DATA IN THIS EXERCISE section start
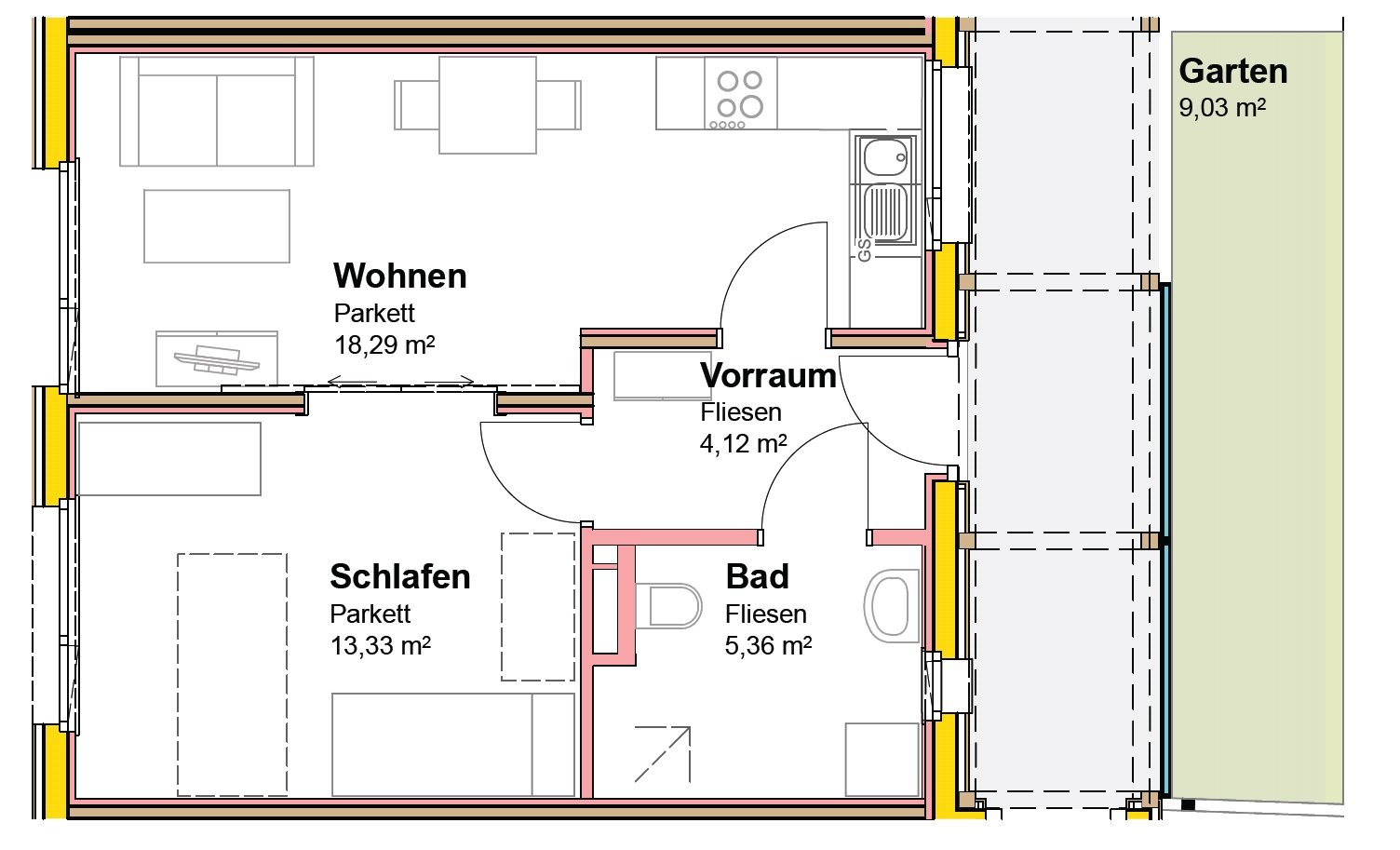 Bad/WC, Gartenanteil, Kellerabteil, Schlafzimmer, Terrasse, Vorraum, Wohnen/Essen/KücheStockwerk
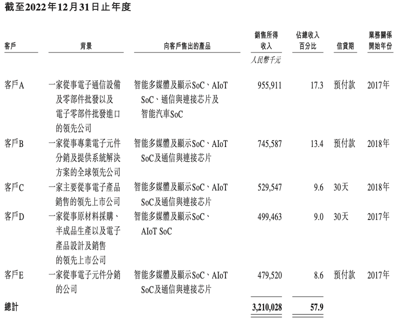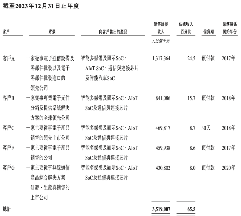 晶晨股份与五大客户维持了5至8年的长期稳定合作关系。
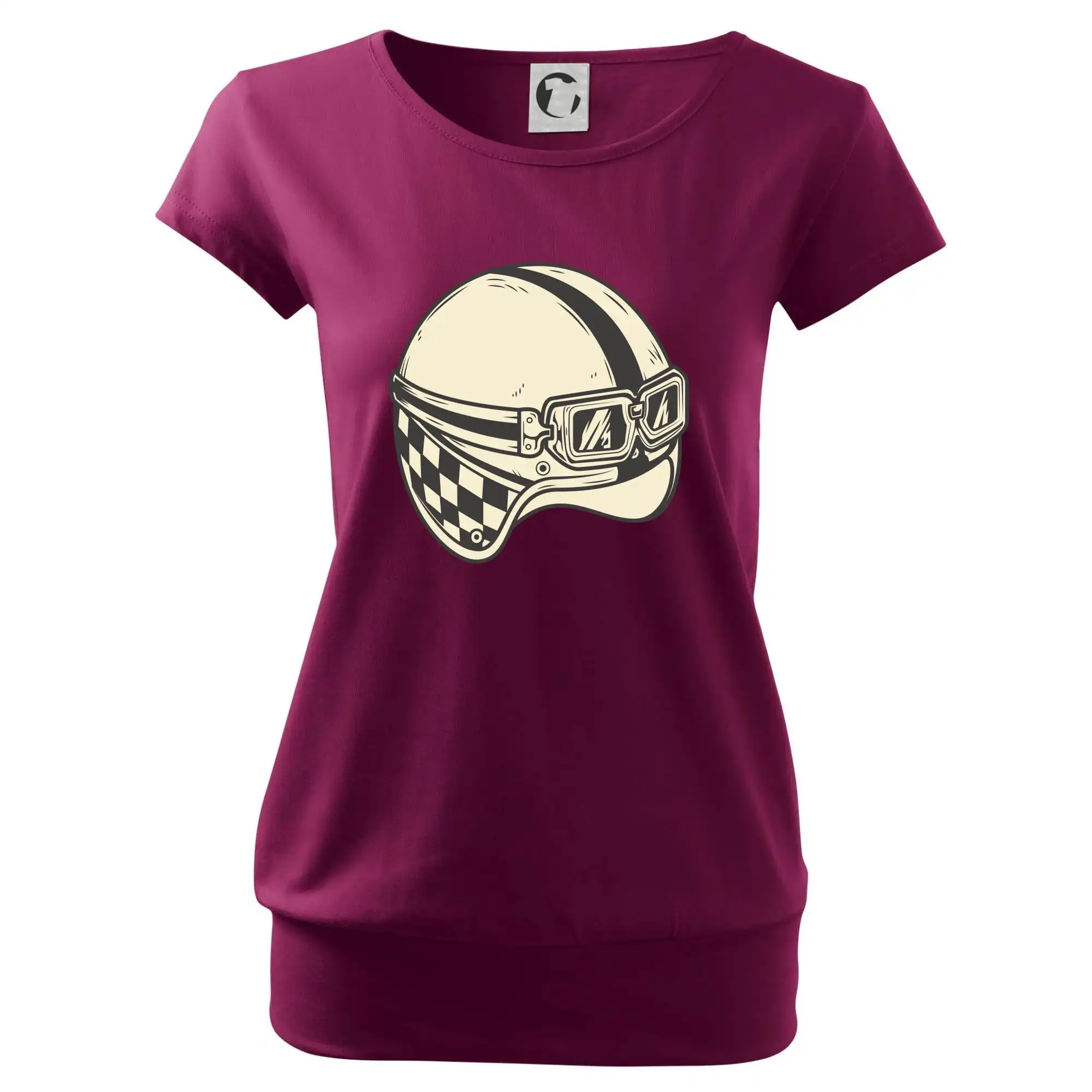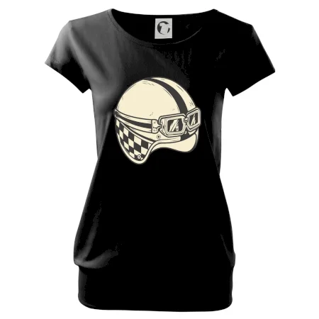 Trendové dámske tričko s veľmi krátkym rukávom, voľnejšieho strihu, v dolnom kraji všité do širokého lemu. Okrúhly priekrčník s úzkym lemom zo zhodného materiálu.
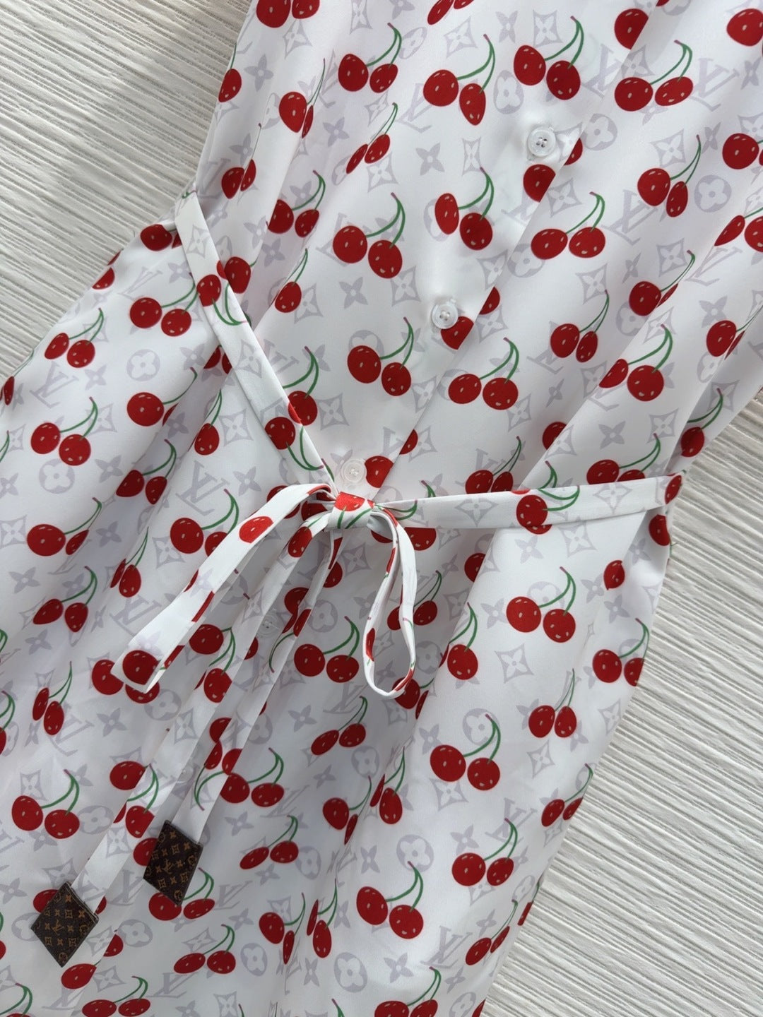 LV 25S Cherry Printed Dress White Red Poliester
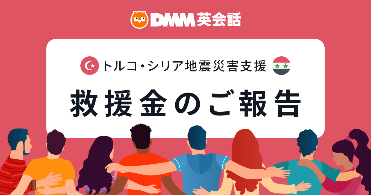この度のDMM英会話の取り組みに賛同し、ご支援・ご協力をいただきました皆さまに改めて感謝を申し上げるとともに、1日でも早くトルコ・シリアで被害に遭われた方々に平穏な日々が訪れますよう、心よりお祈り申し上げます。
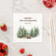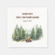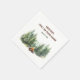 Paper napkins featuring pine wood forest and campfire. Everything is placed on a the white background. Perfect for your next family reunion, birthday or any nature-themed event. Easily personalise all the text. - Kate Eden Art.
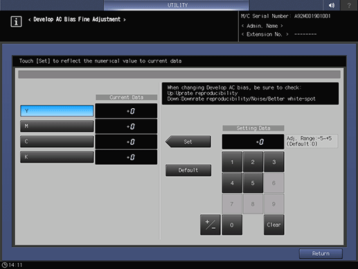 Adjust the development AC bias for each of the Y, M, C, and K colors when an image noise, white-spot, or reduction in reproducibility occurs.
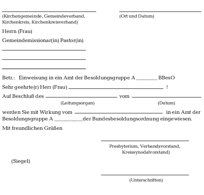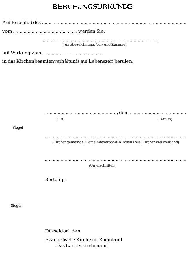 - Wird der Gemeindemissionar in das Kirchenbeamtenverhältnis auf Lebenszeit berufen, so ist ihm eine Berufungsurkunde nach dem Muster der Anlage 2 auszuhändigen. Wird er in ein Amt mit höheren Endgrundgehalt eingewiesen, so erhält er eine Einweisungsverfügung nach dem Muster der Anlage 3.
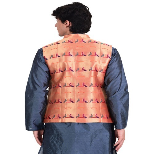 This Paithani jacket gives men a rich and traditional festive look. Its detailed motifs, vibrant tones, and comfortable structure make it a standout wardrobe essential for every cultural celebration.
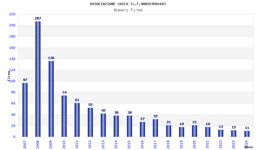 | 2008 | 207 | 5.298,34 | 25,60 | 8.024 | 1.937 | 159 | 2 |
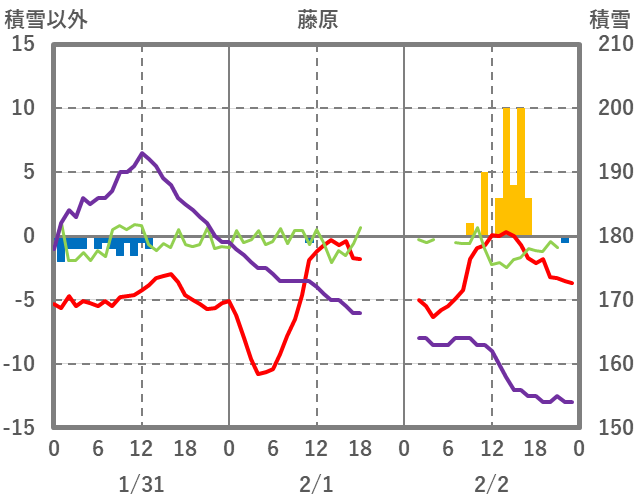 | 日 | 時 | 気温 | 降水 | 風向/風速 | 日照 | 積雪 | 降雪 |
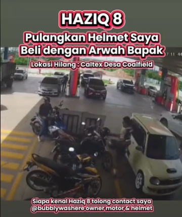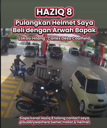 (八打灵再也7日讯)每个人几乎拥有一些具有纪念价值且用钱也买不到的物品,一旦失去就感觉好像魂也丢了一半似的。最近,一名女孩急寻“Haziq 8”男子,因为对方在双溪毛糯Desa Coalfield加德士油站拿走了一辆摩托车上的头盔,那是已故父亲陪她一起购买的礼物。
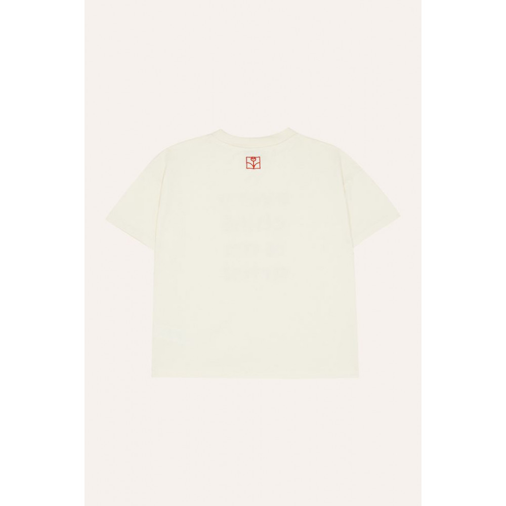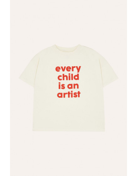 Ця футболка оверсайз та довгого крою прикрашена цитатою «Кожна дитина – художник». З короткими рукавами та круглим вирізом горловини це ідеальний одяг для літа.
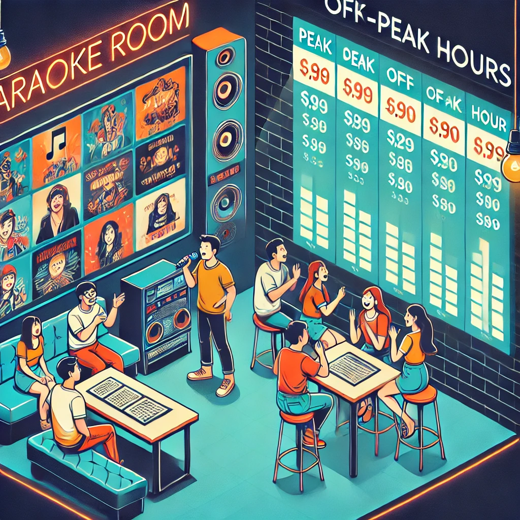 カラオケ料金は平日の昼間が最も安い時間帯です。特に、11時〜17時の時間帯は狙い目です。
DATA IN THIS EXERCISE section end
DIRECTIONS: The records above should be duplicated exactly, with none of their pictures kept.

RESULT FOR THIS EXERCISE:
 Bad/WC, Gartenanteil, Kellerabteil, Schlafzimmer, Terrasse, Vorraum, Wohnen/Essen/KücheStockwerk
 晶晨股份与五大客户维持了5至8年的长期稳定合作关系。
 Trendové dámske tričko s veľmi krátkym rukávom, voľnejšieho strihu, v dolnom kraji všité do širokého lemu. Okrúhly priekrčník s úzkym lemom zo zhodného materiálu.
 LV 25S Cherry Printed Dress White Red Poliester
この度のDMM英会話の取り組みに賛同し、ご支援・ご協力をいただきました皆さまに改めて感謝を申し上げるとともに、1日でも早くトルコ・シリアで被害に遭われた方々に平穏な日々が訪れますよう、心よりお祈り申し上げます。
 Paper napkins featuring pine wood forest and campfire. Everything is placed on a the white background. Perfect for your next family reunion, birthday or any nature-themed event. Easily personalise all the text. - Kate Eden Art.
 Adjust the development AC bias for each of the Y, M, C, and K colors when an image noise, white-spot, or reduction in reproducibility occurs.
 - Wird der Gemeindemissionar in das Kirchenbeamtenverhältnis auf Lebenszeit berufen, so ist ihm eine Berufungsurkunde nach dem Muster der Anlage 2 auszuhändigen. Wird er in ein Amt mit höheren Endgrundgehalt eingewiesen, so erhält er eine Einweisungsverfügung nach dem Muster der Anlage 3.
 This Paithani jacket gives men a rich and traditional festive look. Its detailed motifs, vibrant tones, and comfortable structure make it a standout wardrobe essential for every cultural celebration.
 | 2008 | 207 | 5.298,34 | 25,60 | 8.024 | 1.937 | 159 | 2 |
 | 日 | 時 | 気温 | 降水 | 風向/風速 | 日照 | 積雪 | 降雪 |
 (八打灵再也7日讯)每个人几乎拥有一些具有纪念价值且用钱也买不到的物品,一旦失去就感觉好像魂也丢了一半似的。最近,一名女孩急寻“Haziq 8”男子,因为对方在双溪毛糯Desa Coalfield加德士油站拿走了一辆摩托车上的头盔,那是已故父亲陪她一起购买的礼物。
 Ця футболка оверсайз та довгого крою прикрашена цитатою «Кожна дитина – художник». З короткими рукавами та круглим вирізом горловини це ідеальний одяг для літа.
 カラオケ料金は平日の昼間が最も安い時間帯です。特に、11時〜17時の時間帯は狙い目です。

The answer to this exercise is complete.